1/89 SysTech Course.

1/90 SysTech Course.

9 Sqn Vung Tau, 1969.

35 Sqn, Townsville, 1982.

41 Elec Fitters Course, 1967.

Depot Doggies.

East Sale's U2.

Fred Heuke - Vung Tau.

Info on 9 Radmech/Tech.

NBN in the sky (37 Sqn).

The Winjeel.




Chris Freeman AM


I was on number 9 Radmech/tech in1967. I worked on Tacan and ATC and a few other things at Laverton and Amberley. I was commissioned in supply branch but left in 1972. I lost all my service records/photos in the 1974 Brisbane flood.


I wondered if anyone would have anything from my course?



If you can help, let us know and we’ll pass on the info to Chris. - tb




Neil Sievwright


We heard from David Porte, he said, "Hello, this is a long shot but in one of the photos on this website, you feature a group of young cadets from 1985. In that photo is a young man by the name of Neil Sievwright. I went to school with Neil at Banksia Rd Public school in Greenacre NSW and we were good friends. I moved away as a kid and never saw him again and often wondered what happened to him.. is there any chance you have the ability to reach out to him on my behalf. Thank you."

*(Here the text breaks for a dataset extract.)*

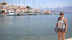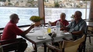 By midnight the wind abated and we fell into a welcome sleep only to be horribly disturbed by a local bar playing loud heavy music until 6am. Nigel was ready to commit murder but we were reminded that this is Greece! Sunday dawned bright so we washed down the boat as there was still plenty of red dust about, but the skies blackened over and we caught a heavy thunderstorm late afternoon. We enjoyed a long leisurely lunch in a very Greek tavern across the bay with another English couple we have met along the way. Tony and Ann Montgomery Smith, fellow Cruising Association members, on catamaran Razzmatazz, were delightful company.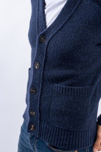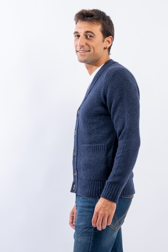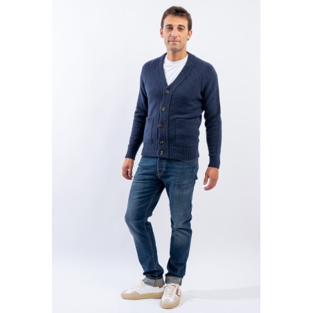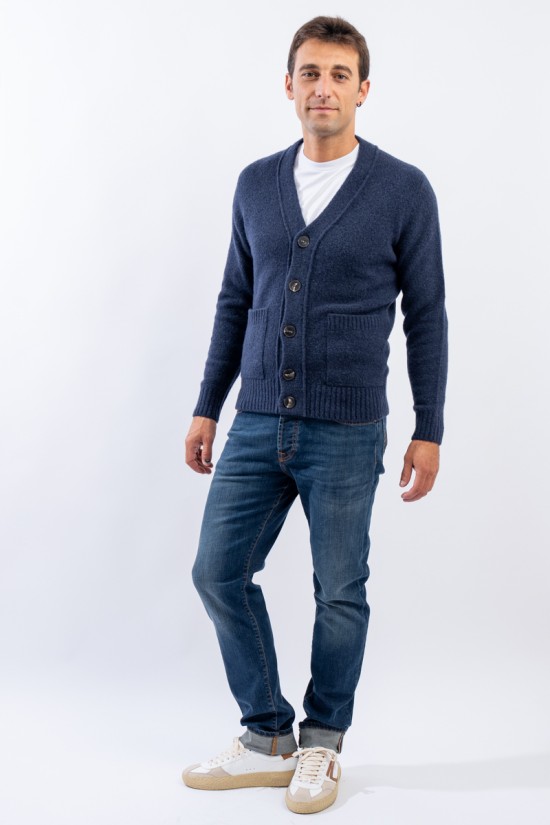 The cardigan by KANGRA, versatile and refined. Made of wool and cashmere blend to enhance its softness. Central closure with buttons and profile to enhance the fit, double patch pockets on the front. Ideal to be worn over a shirt or t-shirt. made in Italy.

If you can help here, please let us know and we'll pass on the info to David.




"Curly" Ware.


Curly got in touch, he said:  I was on 8 ground Radio Tech Course, switched to No 42 Telegs course, served about 2 years as a Teleg at Werribee, Frognall and Canberra Base Sqn, then on No 14 Sigs Course, graduated 1960 as Sgt, Plt Off 1963, left the RAAF as Flt Lt Oic Operative Sqn from Radschooll in 1968 aged 30 to join DCA as Air Traffic Controller - after three retirements from there, my final being Aug 2016 at 78 yrs of age.


Always happy to hear from anyone who I served with.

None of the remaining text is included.